• _THE PROBLEM_: The following data is to be repeated exactly, its pictures excluded.

• _RAW DATA_:
[Start of Attachment]

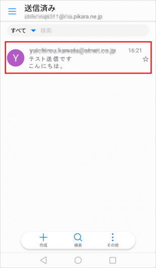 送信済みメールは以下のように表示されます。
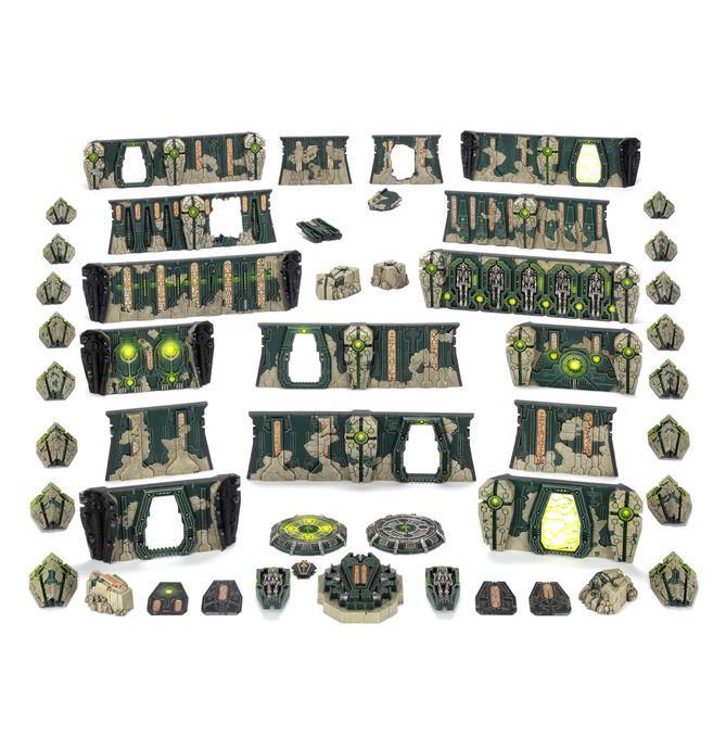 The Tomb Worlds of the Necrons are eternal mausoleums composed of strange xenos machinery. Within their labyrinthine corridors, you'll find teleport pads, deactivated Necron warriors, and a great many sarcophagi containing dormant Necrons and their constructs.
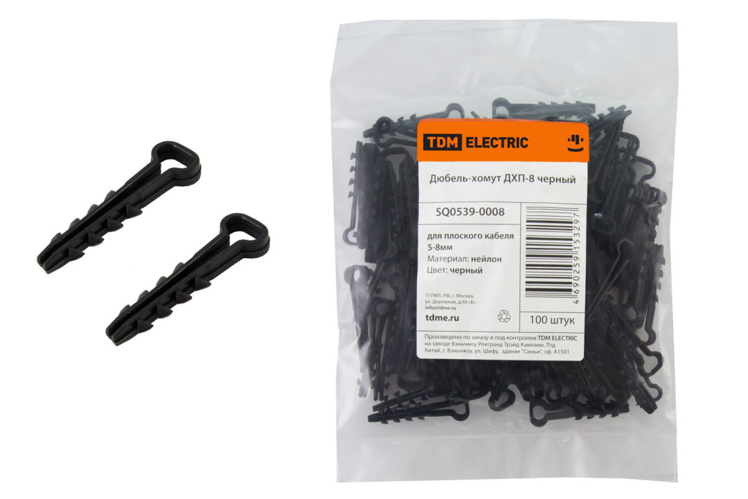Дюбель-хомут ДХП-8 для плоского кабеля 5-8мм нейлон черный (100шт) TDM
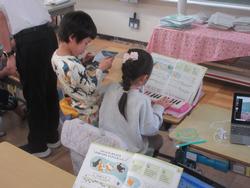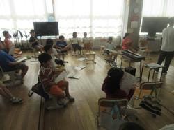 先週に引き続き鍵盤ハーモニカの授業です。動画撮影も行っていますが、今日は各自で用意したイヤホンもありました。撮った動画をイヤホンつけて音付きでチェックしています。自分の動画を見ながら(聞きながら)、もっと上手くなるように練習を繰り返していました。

[End of Attachment]

• _COMPLETED TASK_:
 送信済みメールは以下のように表示されます。
 The Tomb Worlds of the Necrons are eternal mausoleums composed of strange xenos machinery. Within their labyrinthine corridors, you'll find teleport pads, deactivated Necron warriors, and a great many sarcophagi containing dormant Necrons and their constructs.
Дюбель-хомут ДХП-8 для плоского кабеля 5-8мм нейлон черный (100шт) TDM
 先週に引き続き鍵盤ハーモニカの授業です。動画撮影も行っていますが、今日は各自で用意したイヤホンもありました。撮った動画をイヤホンつけて音付きでチェックしています。自分の動画を見ながら(聞きながら)、もっと上手くなるように練習を繰り返していました。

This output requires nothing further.